Common examples of its use are:
• Crippleware: software can be obfuscated so that it is difficult to reverse engineer and so that premium parts of software can be packaged with non-premium parts by 'crippling' them with obfuscation, so that a product key can later be used to unlock the premium content.
• Public key encryption from private key encryption: Given a private key encryption scheme, one can obfuscate an encryption circuit with the secret key embedded and release this publicly. This (roughly) gives a public key scheme.

What this paper achieves
In this paper, the authors build on the core of an older and well-known breakthrough obfuscation construction of 2013 by Sanjam Garg, Craig Gentry, Shai Halevi, Mariana Raykova, Amit Sahai and Brent Waters. In doing so, they present a new obfuscator; while the starting point of the new construction is exactly the same as the old, they depart from it when providing countermeasures against the (speculated) attacks against the scheme.

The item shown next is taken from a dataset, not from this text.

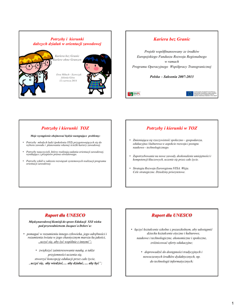 Potrzeby i kierunki dalszych działań w orientacji zawodowej Kariera bez Granic Kariere ohne Granzen Ewa Miłuch - Szewczyk Jelenia Góra 12 czerwca 2014 Potrzeby i kierunki TOZ Kariera bez Granic Projekt współfinansowany ze środków Europejskiego Funduszu Rozwoju Regionalnego w ramach Programu Operacyjnego Współpracy Transgranicznej Polska – Saksonia 2007-2013 Potrzeby i kierunki w TOZ Moje wystąpienie obejmować będzie następujące problemy: • Potrzeby młodych ludzi (pokolenia XYZ) przygotowujących się do wyboru zawodu i planowania własnej ścieżki kariery zawodowej. • Potrzeby nauczycieli, którzy realizują zadania orientacji zawodowej, wynikające z przepisów prawa oświatowego. • Potrzeby szkół w zakresie rozwiązań systemowych realizacji programu orientacji zawodowej. • Zmieniająca się rzeczywistość społeczno – gospodarcza, edukacyjna i kulturowa w aspekcie rozwoju i postępu naukowo - technologicznego. • Zapotrzebowanie na nowe zawody, doskonalenie umiejętności i kompetencji kluczowych, uczenie się przez całe życie. • Strategia Rozwoju Euroregionu NYSA. Wizja. Cele strategiczne. Dziedziny priorytetowe. Raport dla UNESCO Raport dla UNESCO Międzynarodowej Komisji do spraw Edukacji XXI wieku pod przewodnictwem Jacques`a Delors`a: • pomagać w rozumieniu innego człowieka, jego odrębności i rozumienia świata w jego chaotycznym marszu ku jakości, „uczyć się, aby żyć wspólnie z innymi”; • zwiększyć zainteresowanie nauką, a także przyjemności uczenia się, stworzyć koncepcję edukacji przez całe życie, „uczyć się, aby wiedzieć, ... aby działać, .... aby być”; • łączyć kształcenie szkolne z pozaszkolnym, aby udostępnić dziecku kształcenie etyczne i kulturowe, naukowe i technologiczne, ekonomiczne i społeczne, zróżnicować oferty edukacyjne; • doprowadzić do dostępności tradycyjnych i nowoczesnych środków dydaktycznych, np. do technologii informatycznych; 1 Raport dla UNESCO • nie wpływać na reformy edukacyjne z góry, ale pozyskać uczestnictwo społeczności lokalnych, rozsądnie decentralizować oświatę, co „sprzyja zwiększeniu odpowiedzialności i zdolności innowacyjnej każdej placówki szkolnej”; • wskazywać na trwałość takich wartości w edukacji, jak dostępność do niej, równość szans, wspomaganie młodych ludzi w rozwiązywaniu ich problemów dorastającego pokolenia; Pokolenie X Przedstawiciele pokolenia X to jednostki, które rozpoczęły swoją karierę w latach 90-tych. Cenią pracę jako wartość, bowiem zapewnia godny byt, rozszerza możliwości rozwoju indywidualnego i awansu społecznego, niejednokrotnie wygrywając w rankingu wartości z życiem osobistym. Indywidualny sukces = ciężka praca. Pokolenie Y Pokolenie Y Pojęcie Generacji Y jest relatywnie nowe, pierwszy raz pojawiło się w amerykańskim magazynie Advertising Age w 1993 roku, jako określenie ostatniej generacji, której przedstawiciele urodzili się w dwudziestym wieku. Generacja Y występuje nie tylko w krajach Ameryki Północnej, czy Europie Zachodniej. To zjawisko społeczne zostało dostrzeżone również w Polsce. Według danych GUS pokolenie Milenium stanowi aż 29% ludności Polski. Pokolenie Y, które wchodzi obecnie na rynek, nauczone doświadczeniem rodziców, sprzeciwia się takiej postawie. Pokolenie Y ma nieco inne aspiracje, cenią sobie równowagę między życiem osobistym, a zawodowym. Praca nie musi stanowić najważniejszy element ich życia. Dbają o swój rozwój w innym, szerszym kontekście, nie tylko zawodowym. Pokolenie Z Pokolenie Z Pokolenie Z, jest na szczycie piramidy społecznej, czyli osoby urodzone po 1996 roku. W okresie prenatalnym słuchały muzyki z iPoda czy iPhona, którą rodzice dostarczali im przy pomocy słuchawek. Od kołyski bawią się cybergadżetami, w przedszkolu stają się użytkownikami Internetu, a nawet blogerami. Jako kilkuletnie brzdące są doświadczonymi graczami gier komputerowych – grają na PC-tach, konsolach, komórkach... Pokolenie Z nie jest skłonne do wygłaszania manifestów i kroczenia w pochodach. Ich opinie są raczej wyważone „To, czym odznacza się pokolenie Z, nie wzięło się znikąd. Przecież nie urodziliśmy się tacy. To świat chce, abyśmy za nim nadążyli. Czym innym są te hashtagi (słowa lub krótkie wyrażenia poprzedzone znakiem "#„) jak nie przełożeniem na życie codzienne, tego wszystkiego, co wkładają nam do głowy w szkole? Tam nie uczą nas samodzielnego, kreatywnego myślenia, tylko używania haseł, słów "kluczy". Aleksandra Agata Leja-Werschner, Gazeta Wyborcza 2011. 2 Kompetencje kluczowe Kompetencje kluczowe Na kompetencje składają się: Kompetencje określają związek między naszymi indywidualnymi zdolnościami i cechami osobowości a cechami wymaganymi do sprawnego wykonywania zadań zawodowych (definicja Miedzynarodowej Organizacji Pracy) Planować, organizować i oceniać uczenie się. Dokonywać oceny swoich oczekiwań i potrzeb Skutecznie porozumiewać się językiem ojczystym Kompetencje kluczowe Uczestniczyć aktywnie w życiu społecznym Współpracować z grupą i pracować zespołowo. Pracować zadaniowo, metodą projektu Korzystać z różnych źródeł informacji Skutecznie komunikować się językiem obcym Odnosić do praktyki zdobytą wiedzę i umiejętności Rozwiązywać problemy w twórczy sposób Analizować i rozpoznawać sytuacje trudne Zarządzać swoimi zasobami i kompetencjami • Umiejętności – wszystko to, co potrafimy, co nabywamy w ciągu naszego życia, nasze zdolnosci i talent. • Wiedza - ogół informacji o otaczającej nas rzeczywistości wraz z umiejętnością ich wykorzystywania; • Kwalifikacje – formalne potwierdzenie nabytych umiejętności i wiedzy, a są to: dyplomy, certyfikaty, uprawnienia. • Cechy psychofizyczne - mogą być wrodzone lub nabyte, to: osobowość, inteligencja, odporność na stres, postawa, reakcje i z
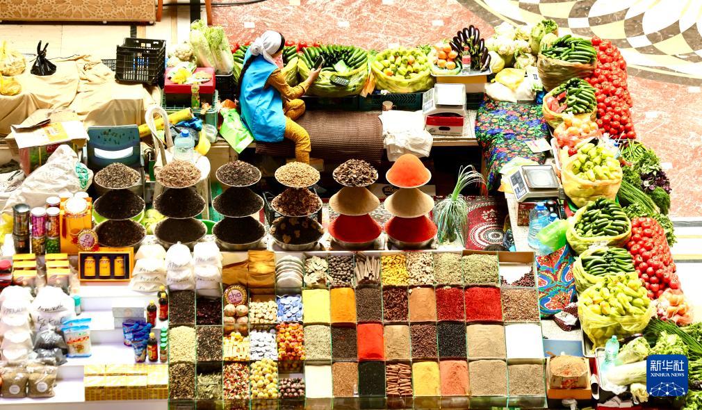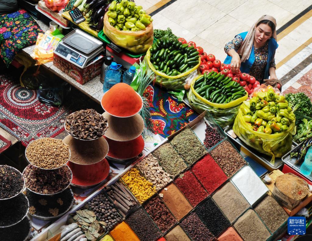 各色的果蔬、多彩的香料、琳琅的商品,共同绘就了塔吉克斯坦首都杜尚别大巴扎这一幅彩色画卷。

This construction is in the multi-linear model, which roughly translates to assuming the existence of Graded Encoding Schemes (GESs). (Note that in the literature, the terms 'Multi-linear Maps' and 'Graded Encoding Schemes' are used interchangeably, though there are important differences. In this discussion, we are considering Graded Encoding Schemes.)

GESs provide a way of encoding (NB that it is not encrypting) elements of some plaintext space so that they have an associated level, which is any subset of $\{1,...,k\}$ for some integer $k$. Intuitively, they offer a good way of preventing an adversary from doing 'too much' with the data he is given (in particular, 'too many' multiplications). Importantly, they allow multi-linear operations, and therefore, in particular, matrix multiplication. The properties they have which are pertinent for this post are the following:
• Encodings may be added only if they are encoded at the same level.
• Encodings may be multiplied only if the levels at which the elements are encoded are disjoint. When a multiplication is performed, the resulting element is encoded at the union of these disjoint levels.
• One can check if a top level encoding (i.e. an element encoded at level $\{1,...,k\}$) is an encoding of zero.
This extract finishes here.